Who, or what, went whichaway?

The question has long agitated Americanists--the scholars and experts who specialize in the prehistory of the Western Hemisphere and who explore the origin and development of such high civilizations as the Mayans and the Incas.

Almost all Americanists agree that the original South and Central American Indians migrated from Asia. The majority thinks that they brought with them only the rock-bottom culture of nomadic hunters and thereafter built their own glittering cultures independently, without help from across the Pacific. The contrary view is that Asian cultures kept trickling over the ocean, materially helping the Indians develop their advanced civilizations.*

Peaked Gables. Last week the old argument was again alive--and this time because of findings made by wealthy Emilio Estrada of Guayaquil, Ecuador, who dabbles deeply in archaeology even while running a thriving auto and appliance business. He has interested himself in Ecuador's northern coastal region because of vaguely oriental objects previously found there. In 1956, after learning diggers' techniques from Archaeologists Clifford Evans and Betty Meggers of the U.S.'s Smithsonian Institution, he began concentrating on the coastal town of Bahia de Caraquez where, according to ancient legends, a people called the Caras landed from the sea.
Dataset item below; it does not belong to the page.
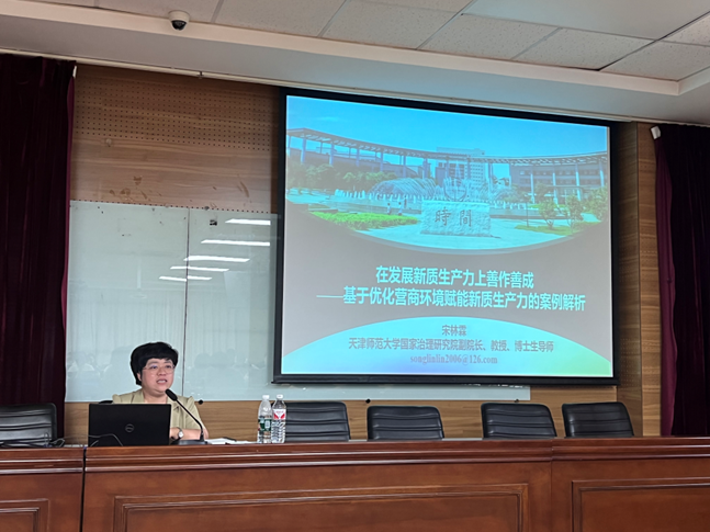 宋林霖教授在讲座中围绕“新质生产力的内涵与特征”、“中央与地方政府营商环境治理历程”和“营商环境赋能新质生产力典型案例详析”三个部分展开详细阐释。她指出,新质生产力的提出,对推进中国式现代化、加快我国经济高质量发展意义重大。她结合近年来的课题研究成果和实地调研,分别从高科技、高效能、高质量三个角度列举了江苏太仓、上海黄浦、深圳特区三地发展新质生产力的创新举措和卓越成果。
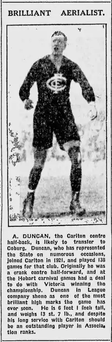 - ↑ Duncan had "received a very fine certificate, framed in oak, from the Carlton Foot ball Club for the fine services rendered that Club during the last four years" (Stratford, The Gippsland Times, (Thursday, 26 March 1925, p.3).

A full-dress excavation last year produced a wealth of pottery objects with an oriental look. There were models of houses with peaked gables that looked as if they might have come from Japan or Indo-China. Headrests looked equally Asian, and so did a drawing on a pottery spindle weight that showed a stylized porter carrying burdens on the ends of a pole, as many Asians do. Many sitting figurines had a vague resemblance to statues of Buddha. Carbon 14 tests showed that the objects were made about 250 B.C.

How To Sit Down. According to Estrada, no similar oriental-looking objects have been found elsewhere in Central or South America. His theory is that a small group of people from across the Pacific found their way to Ecuador, perhaps were shipwrecked near Bahia and founded a colony there. Some of their imported cultural traits, such as a liking for headrests and peaked gables, persisted for a few generations before dying out.

Around Estrada's recently published discoveries, the old argument is brewing anew. Unconvinced, Anthropologist Matthew Stirling, long with the Smithsonian, says that headrests are worldwide, and people living in similar climates are apt to have similar house designs. As for the Buddha-like figurines: "There are only a few ways," says Stirling, "for a human being to sit down." Harvard Anthropologist Gordon Willey is also skeptical. Says Willey: "The high American civilizations from Mexico to Peru had been rolling for 1,500 to 2,000 years before this possible Asiatic migration."

* The theory expounded by Thor Heyerdahl in his bestselling Kon-Tiki that the cultural traffic went t'other way, from Peru to the South Pacific, is dismissed by most experts.